UT Chem/Biochem Dept

The 2001-2002 Beckman Scholars: Nicholas Ryan Conley, PhD Faculty Mentor: Professor C. Grant Willson Length of term: Summer 01, Fall 01, Spring 02, Summer 02. Honors & Awards:University Honors (Fall 98, Fall 99, Spr 00, Fall 01, Spr 02); Deans Scholars Program (Fall 02 ­ present); Junior Fellows Program (Spr 2001 ­ present); Undergraduate Research Fellowship (2001, 2002, 2003); University Co-Op/George H. Mitchell Award (2002); Dorothy B. Banks Charitable Trust Scholarship (2002); Phi Beta Kappa; ACS Outstanding Senior Award (2003); Chemistry and Biochemistry Authors' Scholarship (2003); Linus Pauling Award (2004); NSF Graduate Research Fellowship (2004); G. J. Lieberman Fellowship (2007); Stanford Molecular Imaging Scholars Fellowship (2009-12); Cardiovascular Institute Younger Fellowship (2010-12) Publications: Conley, N. R. et al Angew. Chem. Int. Ed. 2012, 51, 1-5. Pearson, D. M. et al Adv. Synth. Catal. 2011, 353, 3007-3013. Jiang, Y. et al. Proc. Natl. Acad. Sci. 2011, 108, 16962-16967. Pearson, D. M. et al. Organometallics 2011, 30, 1445-1453. Thompson, M. A. et al. Method Enzymol. 2010, 475, 27-59. Lord, S.J. et al J. Phys. Chem. B. 2010, 114, 14157-14167. Conley, N. R.; Lagowski, J. J. Carbon 2002, 40(6), 949-953.; Conley, N. R.; Lagowski, J. J. Synth. React. Inorg. Met.-Org. Chem. 2003, 33(10), 1741-1745.; Conley, N. R.; Lagowski, J. J. Inorg. Chem. Comm. 2004, 7(7), 932-934.; Conley, N. R.; Hung, R. J., Willson, C. G. J. Org. Chem. 2005, 70(11), 4553-4555.; Sundaramurthy, A.; Schuck, P. J.; Conley, N. R.; Fromm, D.; Kino, G.; Moerner, W. E. Submitted to Nature Materials. Where is he now? Graduated with Bachelor of Science in Chemistry with High Honors, and Special Departmental Honors, December 2003. Nick finished graduate school at Stanford University in the department of chemistry, and also completed a postdoc position at Stanford. Nick works as a biotech entrepreneur in the Bay Area CA. How can I contact him? nrconley at stanford.edu Beckman research project in the Willson group: Nonlinear optics: Designing new materials

Introduction

The field of nonlinear optics (NLO) is based on the study of effects and phenomena related to the interaction of intense coherent light radiation with matter. Under such conditions, materials react nonlinearly to the electric field of light incident upon them, resulting in the production of new frequencies of light. In second-harmonic generation, light of angular frequency w is converted to light of angular frequency 2w. Materials with high second-order nonlinear optical coefficients serve as catalysts for this process, possessing vast potential for use in a variety of photonic systems, such as high speed optical modulators, ultrafast optical switches, and high density optical data storage media.

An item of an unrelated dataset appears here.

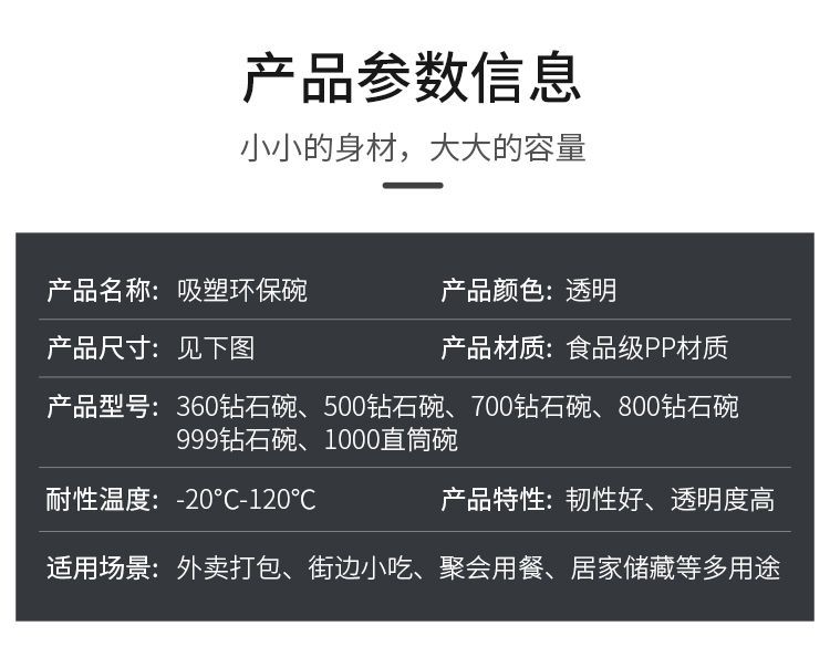 | 500 bowl type [without lid] 50(500碗型【无盖】50个) | USD $1.6 | 99999 piece available |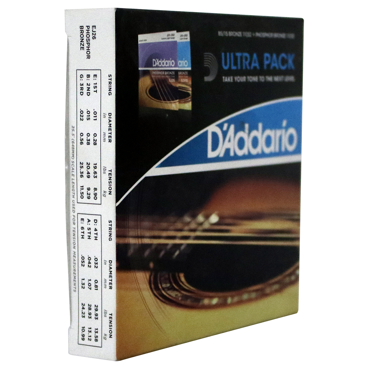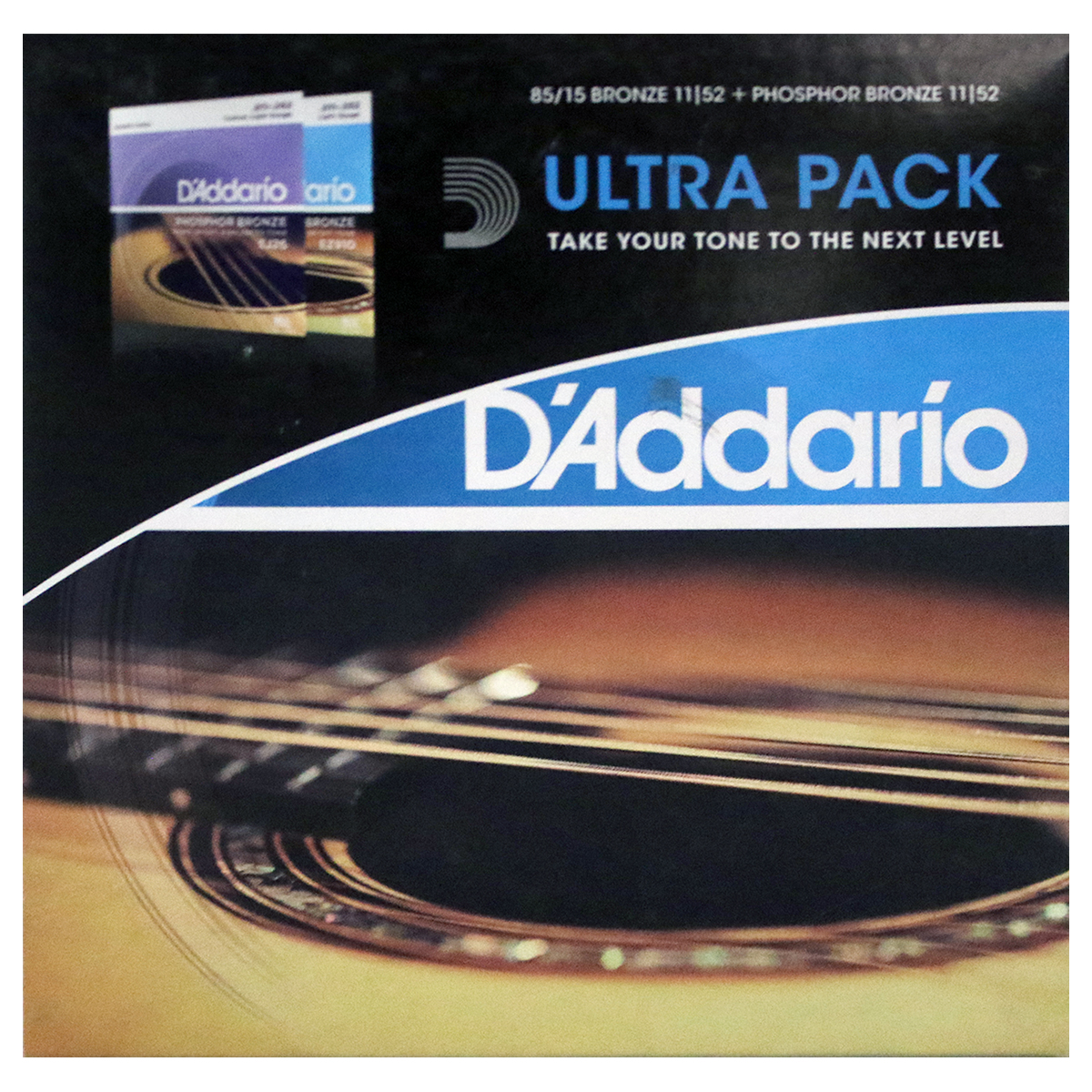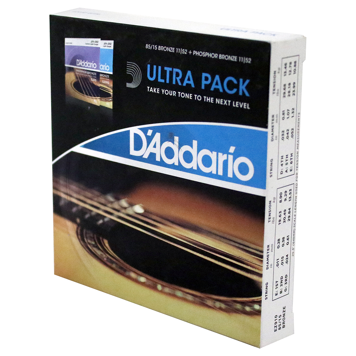 Entorchado de bronce 85/15: Esta aleación del material de entorchado consiste en 85% cobre y 15% estaño, lo que les da un sonido brillante pero profundo y un gran tacto al tocar, además de gran versatilidad. Con su tecnología de vanguardia, las cuerdas D’Addario son entorchadas a la perfección garantizando un sonido potente y estable además de una afinación duradera.Núcleo hexagonal de acero al alto carbón: Este material ofrece además de alta resistencia y durabilidad, un sonido cristalino con mucha proyección, sustain y gran conservación de la afinación.Tensión extra ligera: Ideal para principiantes o músicos que gustan de hacer bendings y un sonido más suave.Paquete ecológico y resistente a la corrosión para conservar la frescura de las cuerdas.Fabricadas en USA.Calibres: Acero liso .011, .015 y Entorchado en bronce .024, .032, .042, .052.

Although inorganic materials are most commonly used for NLO applications, organic polymers have the potential to surpass the performance of current inorganic materials due to their high electro-optic coefficients, fast response time, lower dielectric constants, and flexibility of fabrication methods. Poled organic polymers capable of efficient second-harmonic generation have been reported and have several structural features in common: they are non-centrosymmetric, have an extended pi system, and contain both electron-donor and electron-acceptor groups. Unfortunately, most polymers exhibit temporal instability at high temperatures, eventually undergoing dipole reorientation. The design and synthesis of thermally stable, organic NLO polymers is therefore a worthy goal.

Experimental

The reaction scheme is shown below:

Results and Discussion

As of this writing, we have isolated and characterized all intermediates leading up to and including VI. Substantial literature precedent exists for the polymerization of VI, and therefore, my research project should culminate in the synthesis of VII shortly.

It is interesting to note that in the course of this work, we discovered that a structure previously reported in the literature to be N-aminomaleimide VIII was actually aminoisomaleimide IX.

Conclusion

We have determined that the structures previously reported to be N-aminomaleimides are actually aminoisomaleimides and we have developed the first general preparation of authentic N-aminomaleimides by the condensation of the maleic anhydride/cyclopentadiene adduct I or the maleic anhydride/furan adduct X with a hydrazine derivative. If the latter is chosen, the retro Diels-Alder reaction can be effected with heating to afford compounds similar to VIII. These routes enable the preparation of valuable, yet previously unobtainable intermediates in the synthetic route to the key monomers that will be used to prepare new, thermally stable polymers with high second order nonlinear optical coefficients.